Craft beer is back on the 2016 legislative agenda in Georgia.
A forthcoming bill, drafted by Rep. Ron Stephens (R-Savannah), could be introduced as early as next week and include favorable changes to the way small beer and spirits producers operate.
Though unfinished, the bill is expected to address brewery tours, retail allowances and food service permits, according to Stephens, who was reached by Brewbound.
“We thought we got everything that we needed last year when we passed a bill that allowed the brewers to give away samples with tours,” Stephens said.
Craft brewers scored a small victory last July when Senate Bill 63 (SB 63), dubbed the “Beer Jobs Bill,” was signed into law. The bill gave breweries the ability to charge varying fees for tours and provide patrons with up to 72 oz. of beer for off-premise consumption, something small producers had not been permitted to offer previously.
Shortly after the bill was signed into law, however, the Georgia Department of Revenue issued a bulletin contradicting the ruling and restricting breweries’ ability to operate under the newly issued changes.
“This year, we are coming back to see if we can do three things,” Stephens told Brewbound.
At the top of that list, Stephens said, is giving brewers and distillers the opportunity for direct sales following facility tours. There will likely be restrictions based on brewery size, he added.
“Potentially, we are talking about an unlimited amount of direct sales,” he said. “We have both sides talking and I think we have the ear of the Department of Revenue.”
The current draft also includes language that allows alcohol manufacturers the opportunity to sell food to tourgoers, a component that Stephens characterized as a “no brainer.”
In addition, the bill would grant brewers and distillers more freedom when promoting the retail availability of their products. Currently, in-state manufacturers are not permitted to reference specific outlets that carry their products. Instead, they are only allowed to refer to the broader channels — grocery stores, convenience stores, bars & restaurants — where their products are sold.
An article filed yesterday by the Atlanta Journal-Constitution also indicated that the bill could include language permitting brewers and distillers to operate up to five additional retail outposts — described by the outlet as “tasting rooms” — where they could both sample and sell their products.
Stephens did not directly address this particular component of the bill, but said a second and yet-to-be released draft is already in the works.
In that draft, additional language that would alter current franchise protections granted to beer wholesalers — something the AJC article also said would be included in the bill — will likely be omitted, Stephens said.
A Convoluted Past
News of the bill comes after a tumultuous 2015 filled with many legislative ups and downs for small brewers.
Last April, Georgia lawmakers passed a stripped down version of the “Beer Jobs Bill,” which was originally introduced by State Sen.
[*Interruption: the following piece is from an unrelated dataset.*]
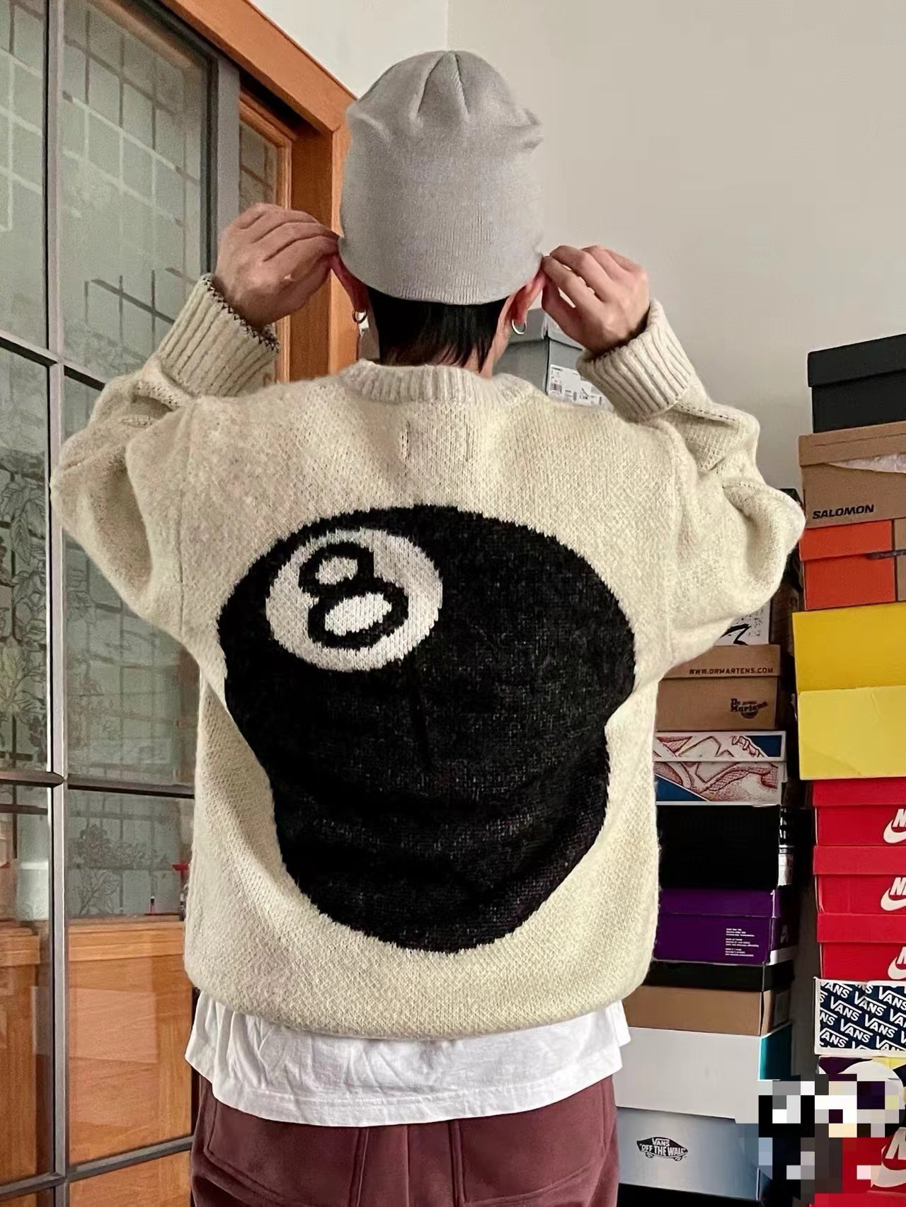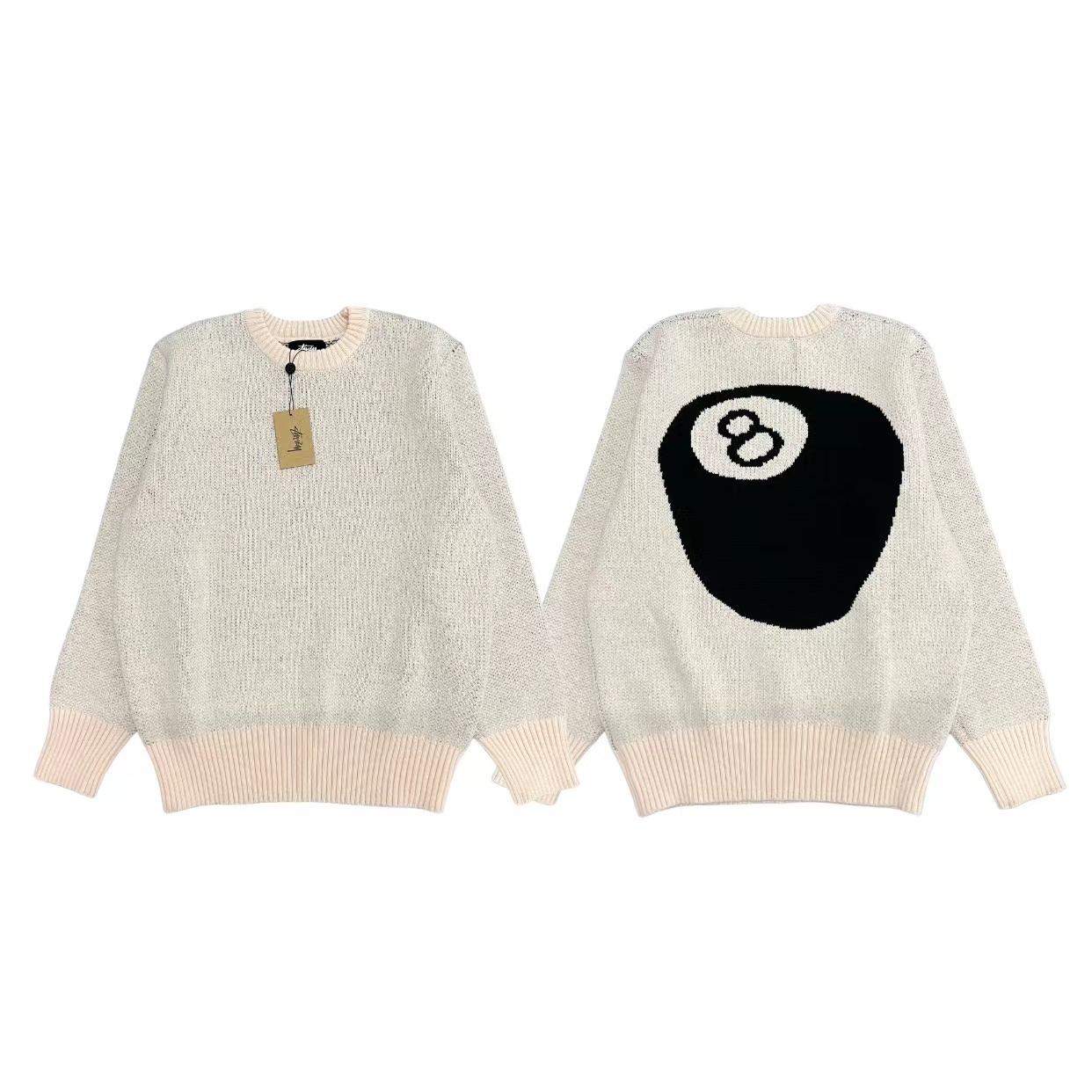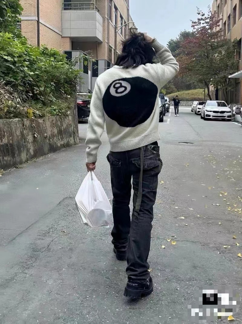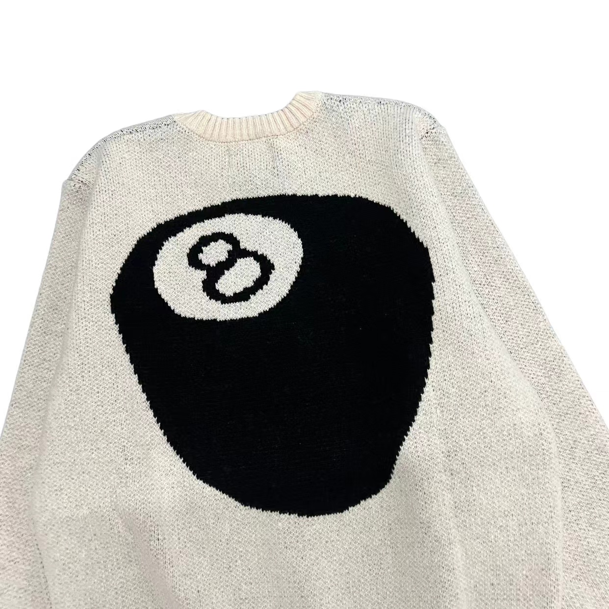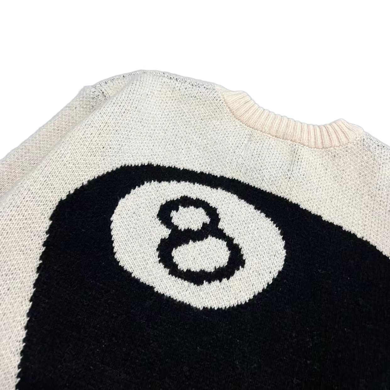 后背台球黑八提花情侣圆领针织毛衣 定制纯棉混纺针织面料 单件克重高达 600g 手感舒适不扎人

Hunter Hill (R-Smyrna) in January and aimed to repeal the ban prohibiting brewpubs from selling beer to go while also giving production breweries the right to sell beer direct to consumers for both on- and off-premise consumption, rather than give it away for free as a sample or part of a tour package.
Though brewers had pushed for the ability to sell up to 72 ounces of beer per person for on-premise consumption and 144 oz. of packaged product to go, the approved edition of SB 63 allowed patrons to consume no more than 36 oz. of beer on-site and leave with 72 oz. of packaged beer for off-premise consumption (provided that the recipient went through a paid tour of the brewery). Under these conditions, the beer would be considered a “souvenir” given at the end of the guided experience.
The new allowance came as an expanded benefit to brewers’ right to serve beer for on-premise consumption as part of a tour. Previously brewers had been able to provide up to 32 oz. of on-site samples.
The new law also gave breweries the right to set varying rates for tours based on consumers’ choice of souvenir.
But in late September, the Department of Revenue back-tracked on the variable price rate allowance, issuing a bulletin requiring brewers to charge consumers a daily fixed-rate for tours regardless of the chosen souvenir.
While some suppliers still provide visitors with product for both on-and off-premise consumption, others have chosen to skip to-go “souvenirs” entirely. It’s a move that helps small companies avoid losses while not shortchanging visitors who only wanted to drink on-site samples.
“At first we were all under impression that you could have different prices depending on what souvenir would be at the end,” said Elyse Moore, a spokeswoman with Marietta-based Red Hare Brewing, “When they reformed the law we just went back to how we used to do things and we stopped offering the to-go option entirely.”
Moore said several other craft breweries have since followed suit.
Then in November, a lengthy report filed by AJC claimed that DOR officials gave preferential treatment to the Georgia Beer Wholesalers Association — a group that has historically opposed changes benefiting small brewers — giving distributors advance notice that it was working on the “controversial regulation the agency issued in September.”
If the DOR withdraws the bulletin, Stephens said, the new bill would likely be altered again.
“We would pare it down,” he said.
Brewbound will continue to follow this story as it develops.